Les Ouvrages Du CRASC

Centre de Recherche en Anthropologie Sociale et Culturelle

Index des ouvrages

Les Ouvrages du CRASC, 2018, p. 47-56, ISBN : 978-9931-598-15-2 | Texte intégral





 

Lahouaria NOURINE – EL AID

 

 

Les particularités du théâtre de Abdelkader ALLOULA

Dès son émergence au XXe siècle, le théâtre algérien a puisé ses thèmes dans le quotidien afin de rester le plus proche possible du public qui est considéré comme miroir de la vie sociale. Parmi les objectifs de ce théâtre : éduquer, éveiller et divertir l’assistance, l’action de divertissement est vitale pour assurer la vivacité du spectacle à travers le temps.

Des dramaturges algériens d’avant l’indépendance comme ALLALOU, Rachid KSANTINI et BACHTARZI pour ne citer que ces quelques noms, ont transposé sur scène les inquiétudes et les tensions politiques et sociales que traversait la société algérienne tyrannisée par le colonialisme qui voulait effacer l’identité algérienne et occulter son parcours historique. Après l’indépendance, d’autres dramaturges sont venus comme Ould Abderrahmane Abdelkader surnommé KAKI et ALLOULA qui ont respecté la même perspective.

Ainsi, les thèmes et les sujets puisés dans ses représentations émergent des préoccupations et des problèmes du spectateur.

A ce propos Dominique MAINGUENEAU[1] explique que le thème est ce choix qui est au centre de toute vision du monde, pour transmettre ces thèmes à l’assistance, nos dramaturges avaient besoin de l’arabe dialectal, la langue du quotidien. La langue du peuple est l’élément linguistique qui prime dans pratiquement toutes leurs représentations afin de rendre accessible le théâtre à l’ensemble des algériens comme nous pouvons constater dans
El-Ajouad (les généreux) :

" أنت لمزال ما فهمتش مليح و مخشن راسك خلا دار وعدك" .[2]

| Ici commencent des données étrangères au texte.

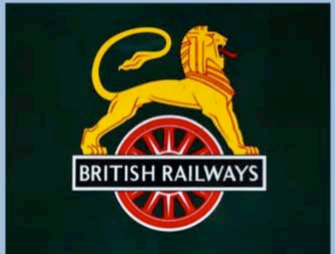
British Railways 1948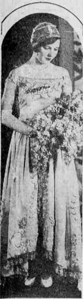
YOUR JUNE BRIDE a la Jean Arthur, of the cinemas, wears this enticing ensemble of ivory satin, trimmed with garlands of silver and satin leaves. A Juliet cape of lace and satin is worn instead of the usual veil, but a long train of silver cloth and pearls falls from the shoulder. The gloves are very recent from Paris and complete a charming picture.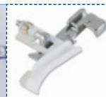
Pearls and Sequins Foot SA211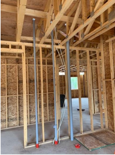
Sanitation and Domestic Water Lines To Second Floor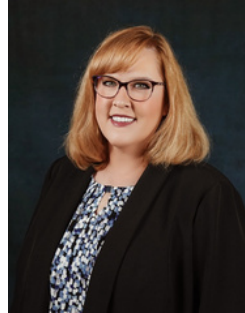
Everly Chadwick Communications 928-759-3123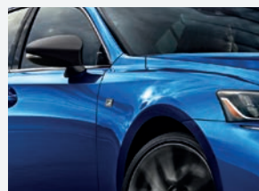
Cobalt | 8X1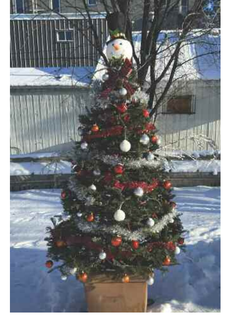
Winning Tree by Bond Printing

We were also treated to a visit by Santa and Mrs. Claus. The jolly pair took photos with the children on their laps and stuck around long enough in the cold to wade through the crowd, visiting with the young and young at heart, warming themselves by the fire as well.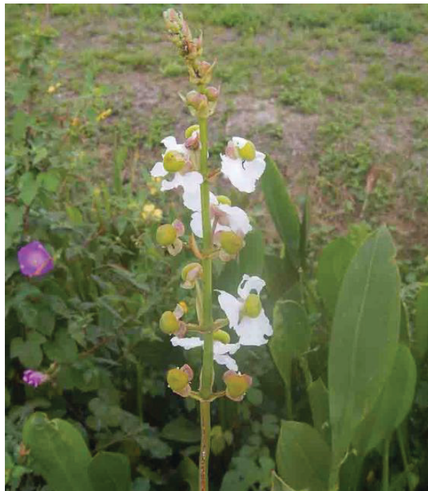
Figure 4. Duck potato in the field.

Duck potato should be planted no deeper than 12 inches in a water garden and remain in full sun.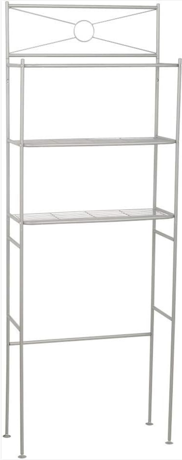
Figure 2.1: Front view of the Zenna Home Over-the-Toilet Bathroom Spacesaver.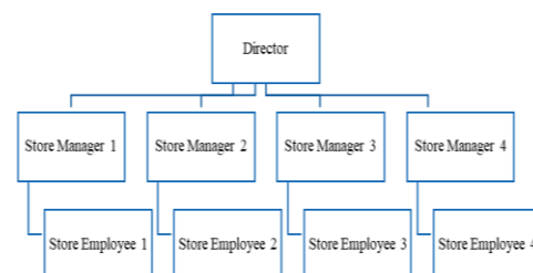
Figure 3.1 Risk Management Team Organization Structure

In the framework of risk management, leadership and commitment have a big role. To implement risk management in accordance with these aims and objectives, a risk management team is formed that will be responsible for the sustainability of the company. The risk management team will be led by the director as the management representative.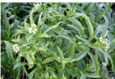
Lepidium castellanum.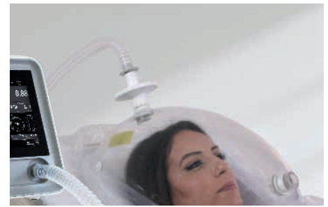
Canopy Hood (small or large size) utilizes a single-use veil to avoid cross contamination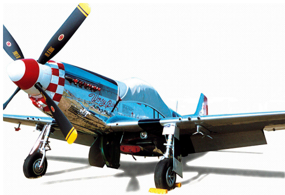
Canopy Cover, Belly & Chin Scoop Plugs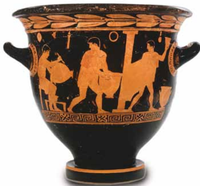
➡ Athenian red figure wine-mixing bowl 5th century BC

Booking: please email adrian.brooks@prm.ox.ac.uk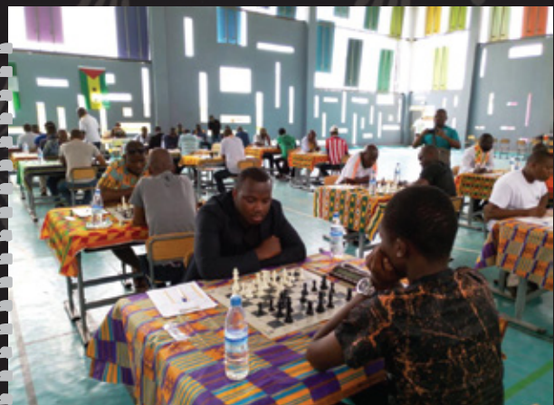
2017 Cote D'ivoire Teams invitational Tournament with players from Togo, Ghana, Nigeria, Liberia, Sao Tome, Burkina Faso

Abdelkader ALLOULA pose avec acuité les conflits et les maux sociaux d’une société en mal de vivre: la bureaucratie, la corruption administrative et autres difficultés politiques et culturelles qui accablent le quotidien de l’algérien. Toutes les pièces théâtrales de ALLOULA touchent particulièrement la conscience du spectateur et l’incitent à se révolter contre toute oppression qui le transforme en un élément passif. Todorov a expliqué cette idée en disant que : « le thème est habituellement coloré d’émotion, il évoque un sentiment d’indignation ou de sympathie et il a toujours un jugement de valeurs »[3].

En 1969 apparut Laalegue (les sangsues), première pièce écrite, mise en scène et jouée par ALLOULA dans le rôle du directeur, elle met en contraste deux mondes : les arrivistes, les riches et les bureaucrates ≠ les opprimés et les pauvres qui s’entre-déchirent, pour survivre.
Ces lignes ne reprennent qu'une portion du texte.